» **Activity**:
Would you transcribe the listing exactly as it stands, minus any images?

» **Supplied material**:

== Segment start ==

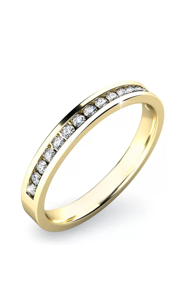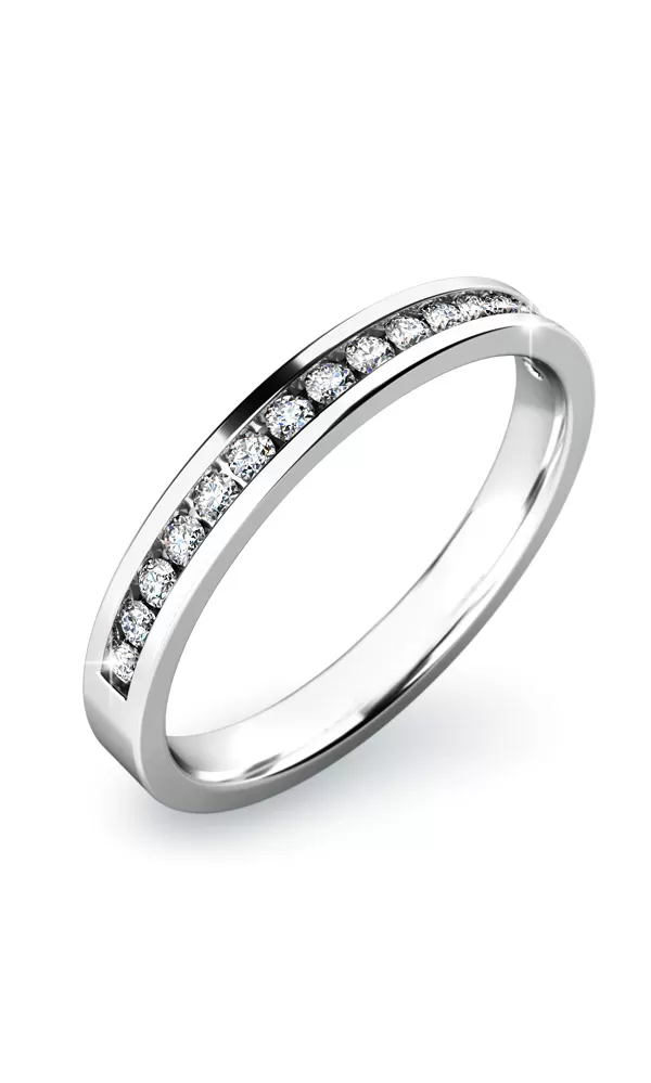 Prsteň vyrobený z bieleho štrnásťkarátového zlata - 585/1000 v lesklej povrchovej úprave. Tento prsteň je zdobený šestnástimi diamantmi briliantového brusu, ktoré sú vsadené do jednej línie. Prsteň pôsobí veľmi jemne a luxusne. Každá žena sa do neho zamiluje. Prsteň je možné kombinovať s inými prsteňmi a nosiť súčasne na jednom prste. Prsteň vyrábame a je skladom aj v žltom zlate.
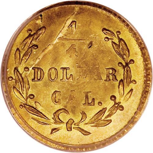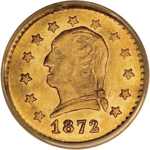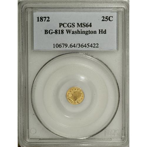 <B>1872 25C Washington Round 25 Cents, BG-818, Low R.4, MS64 PCGS.</B></I> The Washington portrait California small denomination gold varieties have long been popular with collectors, and provide a pleasant change of pace from the usual Indian and Liberty head types. A lustrous green-gold and orange near-Gem kept from a finer grade by a couple of laminations (as made) near the fraction.<BR><BR><b>Shipping:</b> Coins & Currency (<a target="_blank" href="http://www.heritageauctions.com/common/shipping.php">view shipping information</a>)
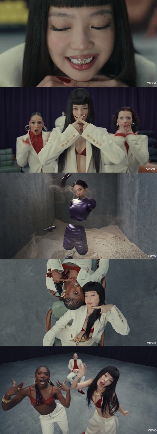 함께 공개된 뮤직비디오에는 황금색 투스젬을 한 제니의 얼굴이 클로즈업되며 시작부터 강렬한 인상을 남겼다. 이어 레드 브라톱과 화이트 수트를 맞춰 입은 제니가 귀에 강하게 꽂히는 트렌디한 비트 위 래핑을 펼쳐 눈과 귀를 사로잡았다

== Segment end ==

» **Your solution**:
 Prsteň vyrobený z bieleho štrnásťkarátového zlata - 585/1000 v lesklej povrchovej úprave. Tento prsteň je zdobený šestnástimi diamantmi briliantového brusu, ktoré sú vsadené do jednej línie. Prsteň pôsobí veľmi jemne a luxusne. Každá žena sa do neho zamiluje. Prsteň je možné kombinovať s inými prsteňmi a nosiť súčasne na jednom prste. Prsteň vyrábame a je skladom aj v žltom zlate.
 <B>1872 25C Washington Round 25 Cents, BG-818, Low R.4, MS64 PCGS.</B></I> The Washington portrait California small denomination gold varieties have long been popular with collectors, and provide a pleasant change of pace from the usual Indian and Liberty head types. A lustrous green-gold and orange near-Gem kept from a finer grade by a couple of laminations (as made) near the fraction.<BR><BR><b>Shipping:</b> Coins & Currency (<a target="_blank" href="http://www.heritageauctions.com/common/shipping.php">view shipping information</a>)
 함께 공개된 뮤직비디오에는 황금색 투스젬을 한 제니의 얼굴이 클로즈업되며 시작부터 강렬한 인상을 남겼다. 이어 레드 브라톱과 화이트 수트를 맞춰 입은 제니가 귀에 강하게 꽂히는 트렌디한 비트 위 래핑을 펼쳐 눈과 귀를 사로잡았다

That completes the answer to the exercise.